514 and counting!!! :roll:


----------



## mallardrocker (Nov 29, 2006)

ahahahhaa


----------



## sugerfree (Feb 17, 2007)

171 days until the ducks start dropping


----------



## mallardrocker (Nov 29, 2006)

129 now :lol:


----------



## sasklab10 (Jun 21, 2006)

113


----------



## mallardrocker (Nov 29, 2006)

when does ur season start?


----------



## sasklab10 (Jun 21, 2006)

Sept.1 for everything, except in South game bird district it is Sept.10 for Specs.


----------



## mallardrocker (Nov 29, 2006)

sept 1 for ducks? wher do you live


----------



## h2ofwlr (Feb 6, 2004)

His location says SK.

Sept 1 for early Honkers in ND and MN. So 112 days 140 for ducks


----------



## mallardrocker (Nov 29, 2006)

nicceeee..... maybe i got less days than i think then


----------



## fungalsnowgoose (Sep 11, 2004)

Geez I'm still taking care of stuff from spring snow goose, don't pressure me.


----------



## mallardrocker (Nov 29, 2006)

ahah u dont liek to be pressured to go duck hunting... :beer:


----------



## fungalsnowgoose (Sep 11, 2004)

Your right I lied I'm ready to go :sniper:


----------



## LSSU-LAKER (Oct 11, 2005)

21 days!!!!! For me.

Argentina bound.


----------



## fungalsnowgoose (Sep 11, 2004)

You suck. I think I'm going next summer give us a report when you get back :beer:


----------



## LSSU-LAKER (Oct 11, 2005)

I may suck. But I am going! Good luck if you make it.

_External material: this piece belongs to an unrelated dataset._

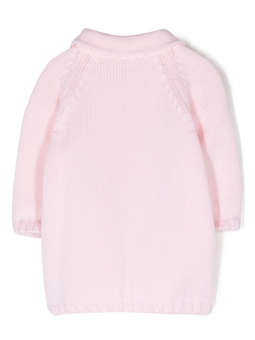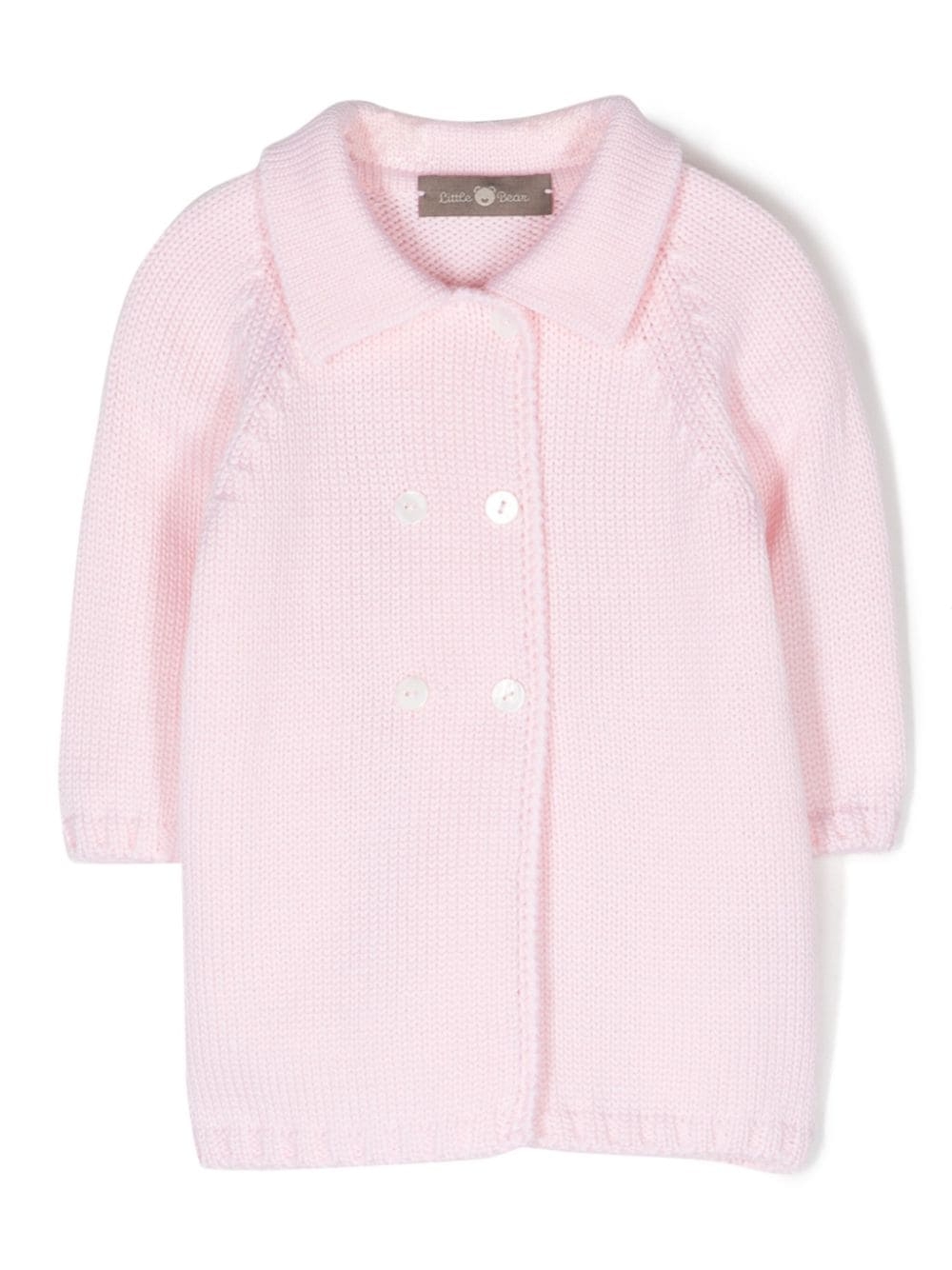 Rosa chiaro, lana vergine, maglia fine, colletto alla francese, chiusura doppiopetto con bottoni, maniche lunghe, polsini elasticizzati e orlo dritto.

Any ideas on which "outfitter" you may use?

I will for sure post pictures and results!!

JW


----------



## fungalsnowgoose (Sep 11, 2004)

Not sure I've had a couple of different invites so whover they're going with. I've been wanting to go forever next year is the year I'm making time, I don't care.


----------



## mallardrocker (Nov 29, 2006)

where you going?


----------



## dukegoose (Jul 17, 2006)

There is a liitle more then 100 days before early goose season kicks off.
What is everyone doing to get ready? I know I have to start cleaning decoys.


----------



## bandman (Feb 13, 2006)

dukegoose said:


> What is everyone doing to get ready?


Adding a long-distance; metal detecting homing device on the end of my shotgun barrel.
:sniper:


----------



## dukegoose (Jul 17, 2006)

Bandman thats great! I didn't know they came out with those this year. Do they make those for REM 1100? Are those made by FA or GHG?


----------



## sasklab10 (Jun 21, 2006)

Only 99 more days left.


----------



## goosebusters (Jan 12, 2006)

dukegoose said:


> I know I have to start cleaning decoys.


What are decoys? I know I have been scouting out the brushiest fence rows.


----------



## LSSU-LAKER (Oct 11, 2005)

SEVEN DAYS!!! :beer:

Its already hard to sleep, bags are 1/2 packed...


----------



## mallardrocker (Nov 29, 2006)

where u headed?


----------



## LSSU-LAKER (Oct 11, 2005)

Colonel Pringles, Argetnita....

Just outside of Bahia Blanca.


----------



## LSSU-LAKER (Oct 11, 2005)

ONE day!! :beer:

Sorry couldn't help myself. But in 24 hrs I am out of here!!!


----------



## mallardrocker (Nov 29, 2006)

dude i wish you the best of luck! bring back some pictures alright have a good one and shoot some birds


----------